I'm trying to process my failure right now, and I don't know what to say.
My lining today was still at 4.9 mm. EXACTLY the same as last week. My local RE (he's been helping with all my monitoring here) said he's sorry. He thinks it could be because of the surgery, because he knows how my lining has grown for 3 IVF cycles with him.
We walked out of the clinic assuming we were being cancelled. I didn't even do my morning dose of estrace today.
And the nurse called - pretty late by their usual routine. It was after 5 PM in CO when she called. And she said they want to try me for one more week. I was expecting to be cancelled, but she said lets try it one more time.
So now I have to continue my 4 patches every other day, increase the estrace suppository to three times a day, and add an intramuscular estrogen injection twice a week to the mix. If the lining still hasn't responded by next week, I'm getting cancelled. I also decided to do acupuncture, even if it is absolutely last minute. But I need any help that it can give me at this stage. I've scheduled an appointment for Saturday.
I'm tired of the games IF is playing with me. EVERY fucking thing that can go wrong, HAS gone wrong at some point or the other. EVERY damn thing! This morning DH and I actually had a very serious conversation about possibly proceeding further with a GC. Someone with a proven womb. Not me. My womb can't be trusted.
I'm giving it this last one week for things to improve. If not, I give up. I don't have the stamina to fight any more. I'm tired and I need a break.
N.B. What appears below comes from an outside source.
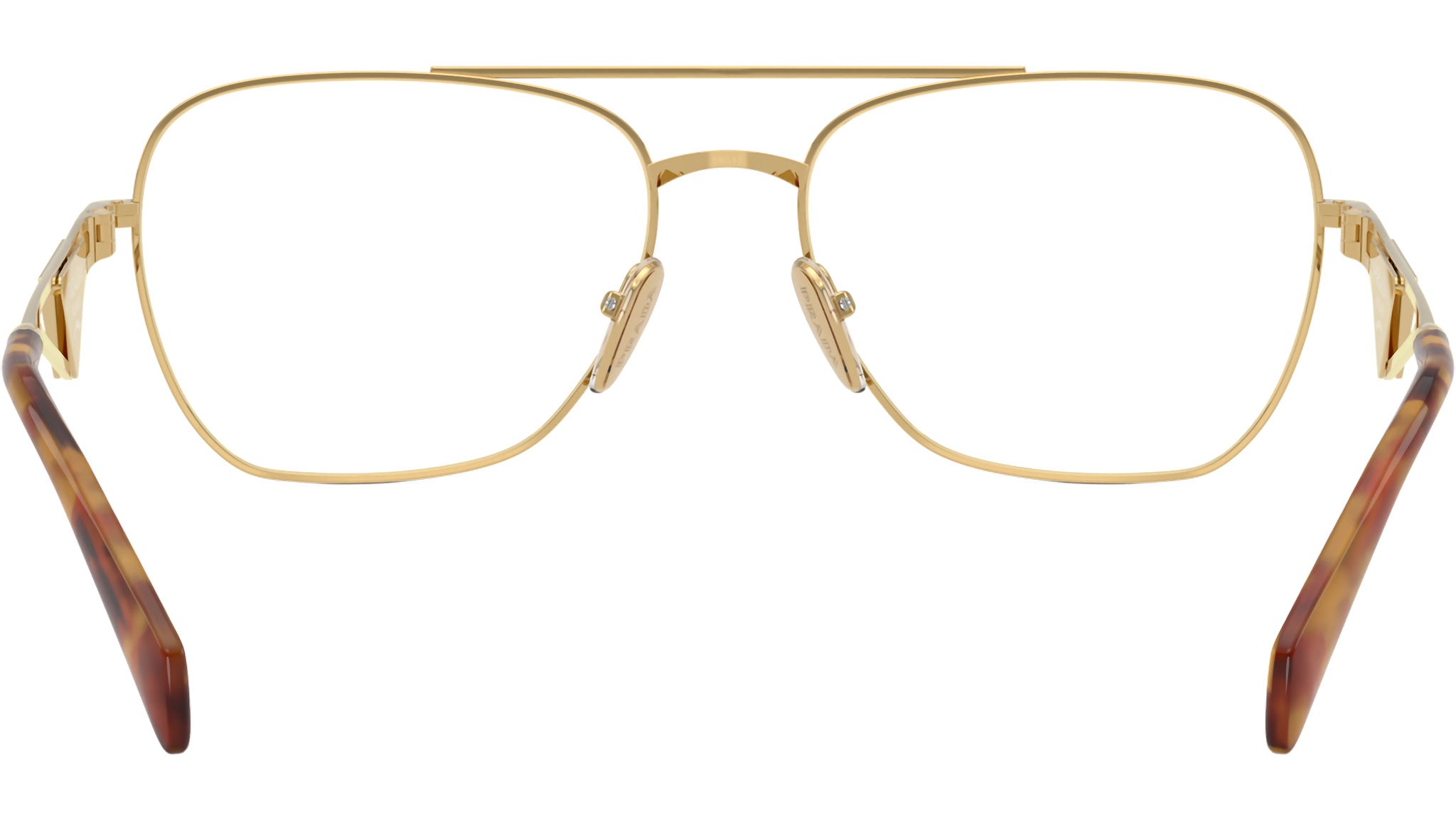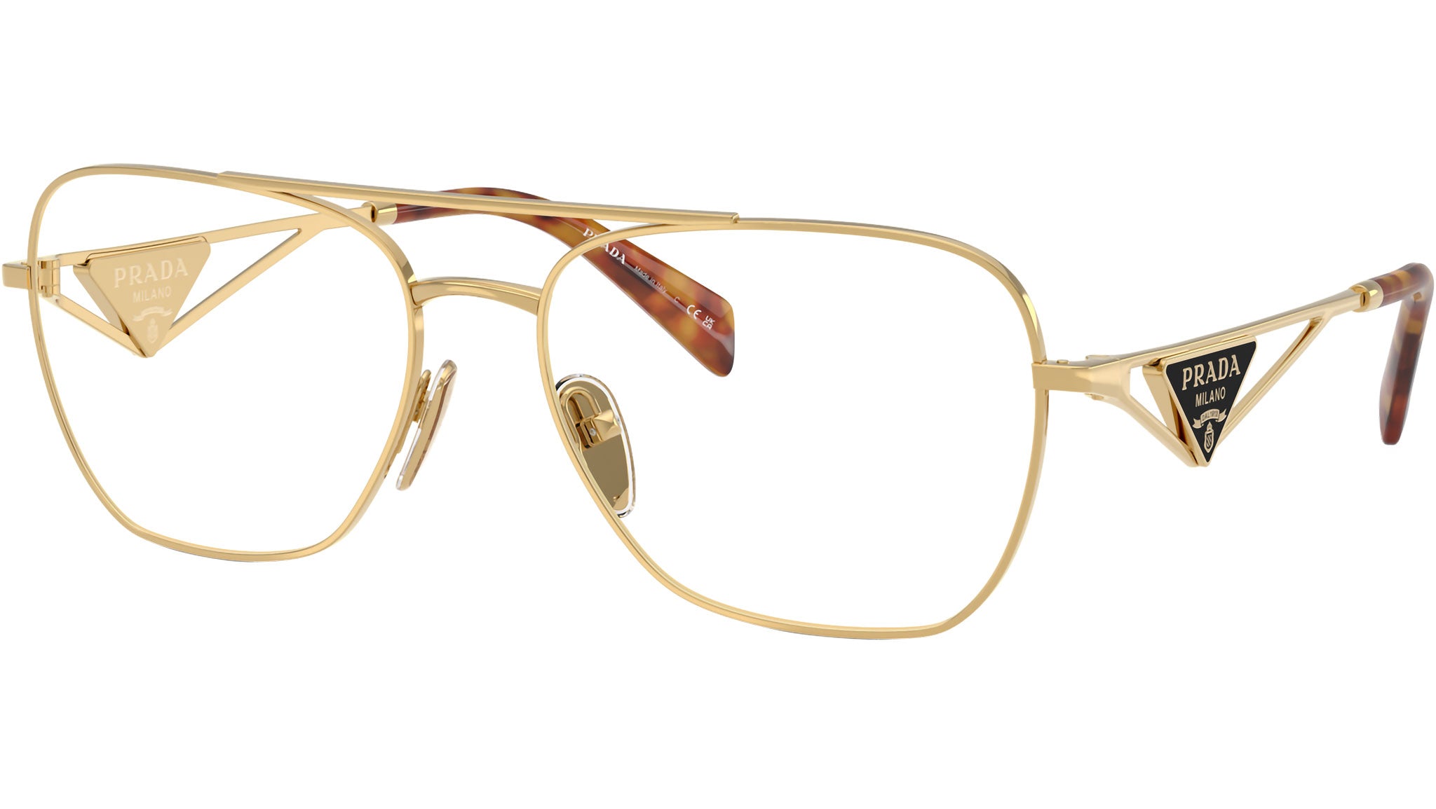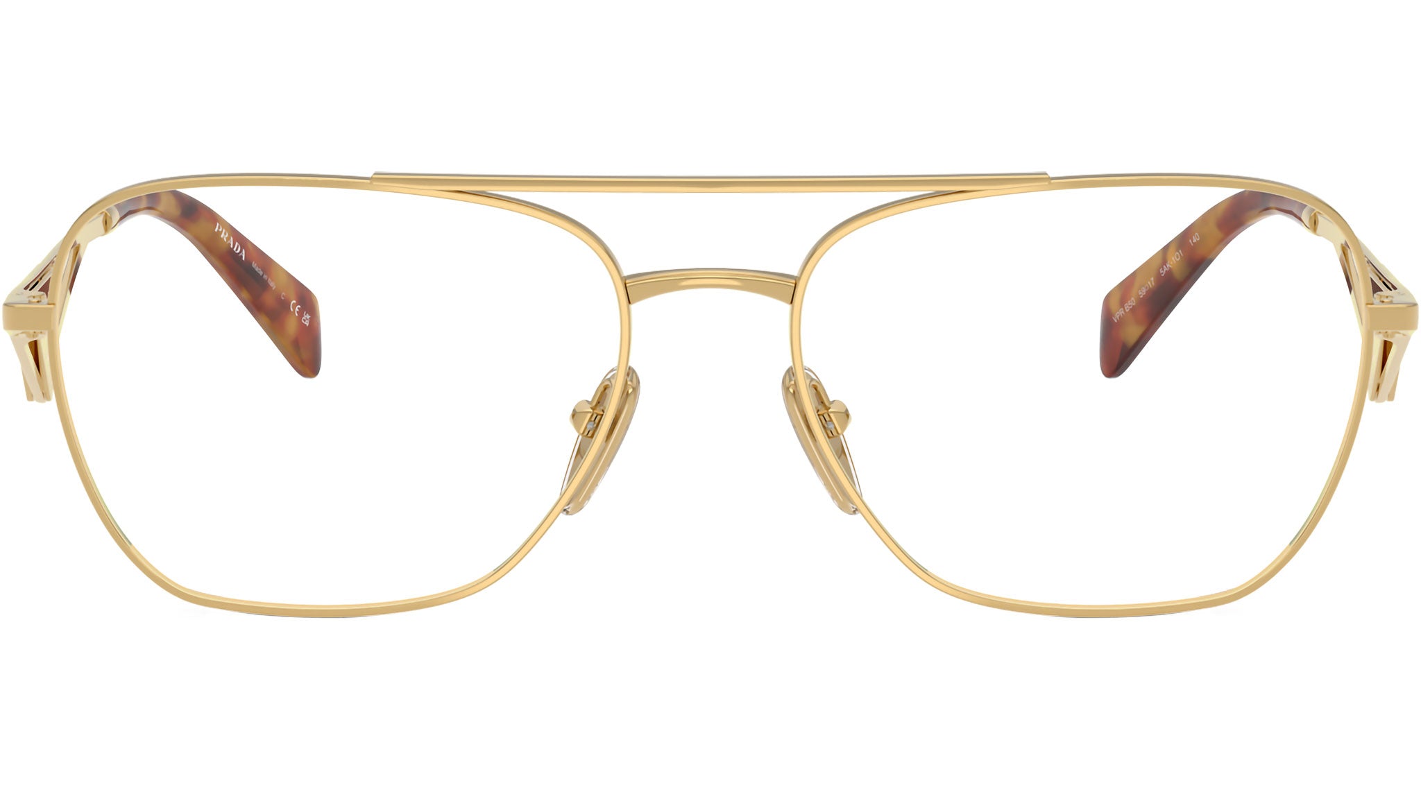 Occhiali da vista Prada PR B50V 5AK1O1 donna con montatura aviatore in acciaio oro e lenti demo. Naselli regolabili. Linea: Catwalk. Codice modello: PRB50V. Codice colore: 5AK1O1. Made in Italy. Rivenditore autorizzato Prada online. Gli occhiali vengono consegnati con custodia e accessori originali e sono coperti dalla garanzia ufficiale di 12 mesi del produttore.

I have a lot of things on my mind, and will write a more detailed and coherent post later. Right now my thoughts are rushing out over each other, and I'm feeling very jumbled, defeated and confused.
My uterus can't grow a lining - how on earth will it grow a whole baby???
Death and Taxes and Procrastination
4 years ago
31 comments:
I'm so sorry,I can see your pain and frustration; I know it will be hard to face all these challenges at this last minute. But dont give up hope yet, you have come a LONG way for this.Fingers crossed for you next week Good Luck and take care. If you need to talk give me a ring.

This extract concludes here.